Perhaps the biggest tax problem with vacation properties is the potential for large capital gains taxes if the property is sold, gifted to family members, or held upon the owner’s death. Poor planning could cost a lot of money and, in some cases, force the sale of a cottage that’s been in the family for generations.

Here are several easy and straightforward potential solutions and strategies for you to discuss with your clients this cottage season:

1. Improvements and renovations. It’s important to keep receipts for any improvements or renovations made to the property, as these expenditures can be added to the property’s adjusted cost base, thereby reducing the amount of capital gains tax payable upon sale, gift or death.

2. The principal residence exemption (PRE) can shelter the gain on a principal residence from capital gains taxes. Although a couple can only designate one property as their principal residence during any given calendar year, the property does not have to be located in Canada to qualify — as long as the individual who claims the PRE is a resident of Canada. Even if your client occasionally rents the property, a cottage can still qualify as a principal residence.

3. Trusts are commonly used to hold or purchase a vacation property because they prevent the “deemed disposition” of a property upon death, potentially deferring capital gains taxes until the trust’s beneficiaries — generally the children — sell or gift the property. It should be noted that transferring a property into a trust triggers immediate capital gains taxes if applicable.

4. PRE and trusts. The beneficiary of a family trust who receives a vacation property from the trust is deemed to have owned that property from the date the trust acquired it. This allows the beneficiary to use the PRE to shelter the gain from the date of original purchase or transfer into the trust — assuming the beneficiary didn’t own another principal residence during the same period.

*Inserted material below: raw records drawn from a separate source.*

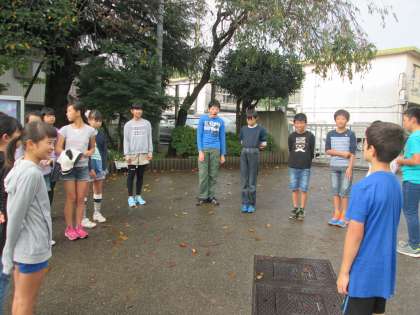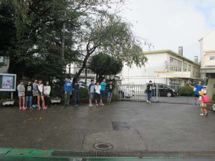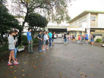 あいさつ運動。今週は6年1組が担当です。当番以外でもたくさんの人が参加し,気持ちの良いあいさつの声を響かせています。
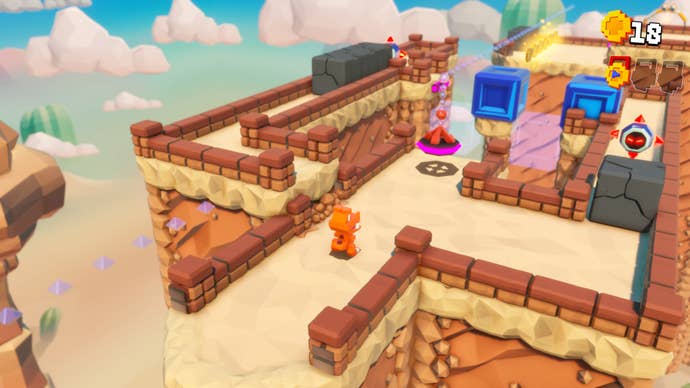 I appreciate we’re perhaps veering into Old Man Shouts At Cloud territory here, though, and the good news is Replaylee’s more fundamental revisions undoubtedly make for a more enjoyably fluid experience as you explore the openness of each world. Your roll, for instance – useful for getting around quickly and thundering up ramps – is no longer bound by a stamina limit, massively improving the flow of traversal. And everything feels tighter, more precise across the board. Curiously, the classic double-jump has – unless I’m being extremely daft – been jettisoned in favour of a sort of static upward leap to reach higher places, but for the most part it’s business as usual abilities-wise. And while the upfront dump of moves has confounded me a bit as I struggle to recall something critical to completing an objective (previously these were meted out gradually over time), it’s a choice that ultimately feels more liberating.
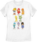 This womens Rainbow Brite shirt features the Color Kids characters Rainbow Brite, Red Butler, Lala Orange, Canary Yellow, Patty O'Green, Buddy Blue, Shy Violet, and Indigo.
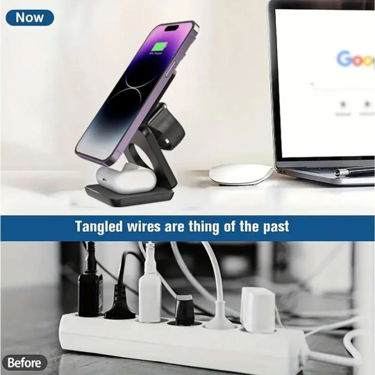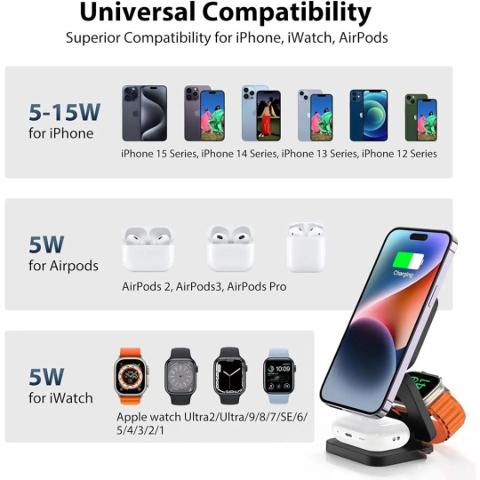 Kvalitní výkonná bezdrátová skládací 3 in 1 s podporou Apple MagSafe, iWatch, AirPods, ale i většiny telefonů, či příslušenství jiných značek podporujících bezdrátové QI nabíjení. Unikátní skládací řešení Vám umožňuje zvolit variantu použítí pouze jako podložku pro jedno zařízení, nebo jako stojánek a nabíjet až tři zařízení. Nabíječku lze opět jednoduše složit do malé kompaktní podoby a v případě potřeby vzít jednoduše kamkoli budete potřebovat.

5. Gifting. Parents may wish to give a vacation property to adult children while the parents are still alive. Although the parents will need to pay up now for the capital gains taxes accrued to date, future capital gains will accrue to the children, who may be able to use their own PRE to avoid taxation.

6. Life insurance. Finally, the purchase of a permanent life insurance policy to offset a property’s tax liability upon death can often be the cheapest and simplest solution. Even in provinces with relatively low tax rates, the cost of insurance often compares favourably to the cost of paying the capital gains taxes upon disposition —even if that’s many years away.